Monday, October 21, 2013

Tuesday, October 22. 2013

Today's schedule is C-AG-D-A-B

C Block Criminology 12 - Today we'll look at White Collar Crime. We will begin with life skills by learning how to identify a pyramid / ponzi scam (for more take a look at How Stuff Works). After, we'll quickly look at individual exploitation of an institutional position, influence peddling & bribery, theft and employee fraud, client fraud and corporate crime. You'll be introduced to Edwin H. Sutherland's Differential Association Theory (he introduced the concept "white collar crime"). We'll see what we can find on the Internet about white collar crime....spoil alert LOTS!

National Check Fraud Center
Robert O. Keel White Collar Crime
Canadian Encyclopedia White Collar Crime
Federal Bureau of Investigation White Collar Crime Division
Understanding White Collar Crime
News Stories of White Collar Crime

After, if there's time, we'll watch some Chapters from the movie "The Corporation". Please do not forget that the documentary is an opinion is trying to persuade you that a corporation acts like a psychopath. Not all business is bad but we do need to understand the "corporate view" of white collar criminal activity.

D Block Law 12 - Today we'll start with the R. v. Parker (2000) case that we looked at yesterday. In essence the case enabled the use of marijuana for medical purposes in Canada. We'll discuss who is allowed to obtain legal permission to possess through the MMAP (Marijuana Medical Access Program).

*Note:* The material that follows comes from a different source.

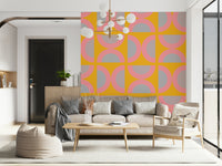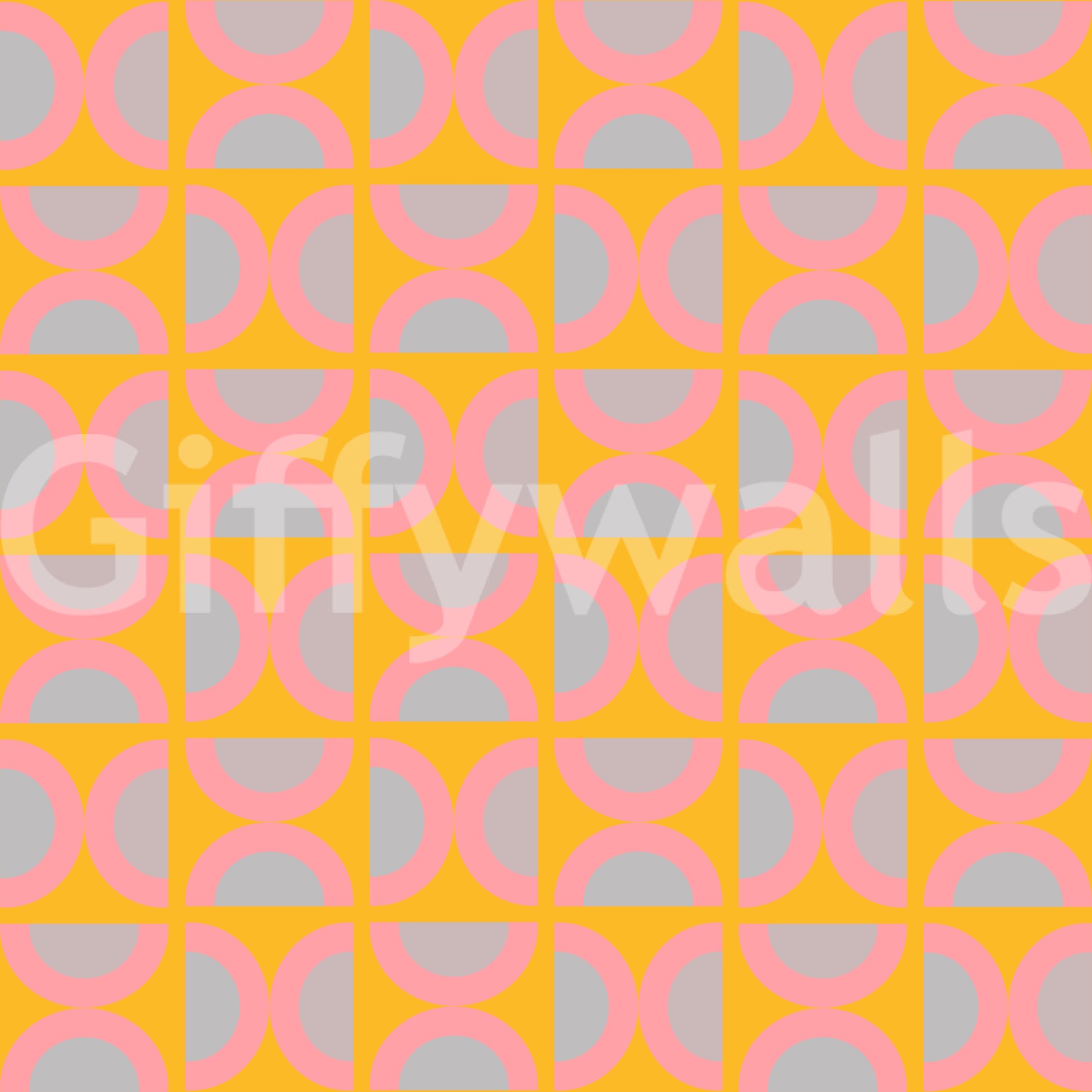 Elevate your home with this eye-catching geometric design! This stylish wallpaper for walls employs a repeating semicircle motif in a pleasing color scheme. The vibrant yellow background supports the light pink curves and gray inner shapes, creating a vibrant contrast. Ideal for adding a touch of fun to living spaces or kids' rooms, the pattern introduces a playful and modern feel. It works wonders in hallways or bedrooms, lending an artsy touch that blends effortlessly with varied décor styles and making a bold statement on any accent wall.

Category 1: This category is comprised of any symptoms treated within the context of providing compassionate end-of-life care; or the symptoms associated with the specified medical conditions listed in the schedule to the Regulations, namely:

  • Severe pain and/or persistent muscle spasms from multiple sclerosis;
  • Severe pain and/or persistent muscle spasms from a spinal cord injury;
  • Severe pain and/or persistent muscle spasms from spinal cord disease;
  • Severe pain, cachexia, anorexia, weight loss, and/or severe nausea from cancer;
  • Severe pain, cachexia, anorexia, weight loss, and/or severe nausea from HIV/AIDS infection;
  • Severe pain from severe forms of arthritis; or
  • Seizures from epilepsy.

Applicants must provide a declaration from a medical practitioner to support their application. Category 2: is for applicants who have debilitating symptom(s) of medical condition(s), other than those described in Category 1. Under Category 2, persons with debilitating symptoms can apply to obtain an Authorization to Possess dried marihuana for medical purposes, if a specialist confirms the diagnosis and that conventional treatments have failed or judged inappropriate to relieve symptoms of the medical condition. While an assessment of the applicant's case by a specialist is required, the treating physician, whether or not a specialist, can sign the medical declaration.
For more see:
CBC News Health
CBC News: Medical Marijuana Law Under Review
Vancouver Sun: How Canada's Medical Marijuana System Works
Ottawa Citizen: Most Medical Marijuana Users are Middle-Aged Men

After our discussion I'll have you complete the following questions:

5. How does the Controlled Drugs and Substances Act define trafficking?
6. What two points must the Crown prove to obtain a conviction for trafficking?
7. Who can be charged with the offence of importing and exporting narcotics?
8. Who has the onus in a trial to prove that an accused person possessed a controlled drug for the purpose of trafficking? What evidence can prove this?
9. Describe a situation in which a warrantless search for drugs would be legal. Explain why

A Block Law 9/10 - Today I'll have you finish up your work on questions 1, 3, 4, & 5 on page 97 of your All About Law text. After a bit we'll look at warrants through both the R. v. Wise (1992) and R. v. Ruiz (1991) cases along with the "plain view" principle. If there's time we'll also look at release procedures and habeas corpus along with disclosure, preliminary hearings, pre-trial motions, and plea bargaining.

B Block Social Studies 10 - Today we're beginning prep work on a Rebellions Editorial activity. After we've taken attendance and logged on to the computers in the library read through the following description of your activity:

You are a newspaper editor for either the Toronto Telegraph or the Montreal Gazette. It is 1848; Mackenzie has been pardoned and is living in Toronto again while Papineau is exiled and living in France. You are going to write an editorial (opinion piece) on the rebellions of both Upper and Lower Canada. Write a one paged editorial arguing that the rebels were either justified in their actions or were traitors to the King and England. Remember it is 1848, eight years after the Act of Union and responsible government has been achieved in the colony of Canada.

You'll have today in class along with tomorrow and Thursday in the library to work on this activity. This is a project mark so it would be wise not to waste your time or blow this assignment off (especially considering the end of the term looms nigh!) Look here for more:
William Lyon Mackenzie
Durham's Act of Union
Musee McCord Museum "The Aftermath of the Rebellions flash movie
Early Toronto Newspapers
Township Heritage
1837/8 Patriot War

So rough copy today...word processing and old timey prettifying in the library tomorrow and Thursday.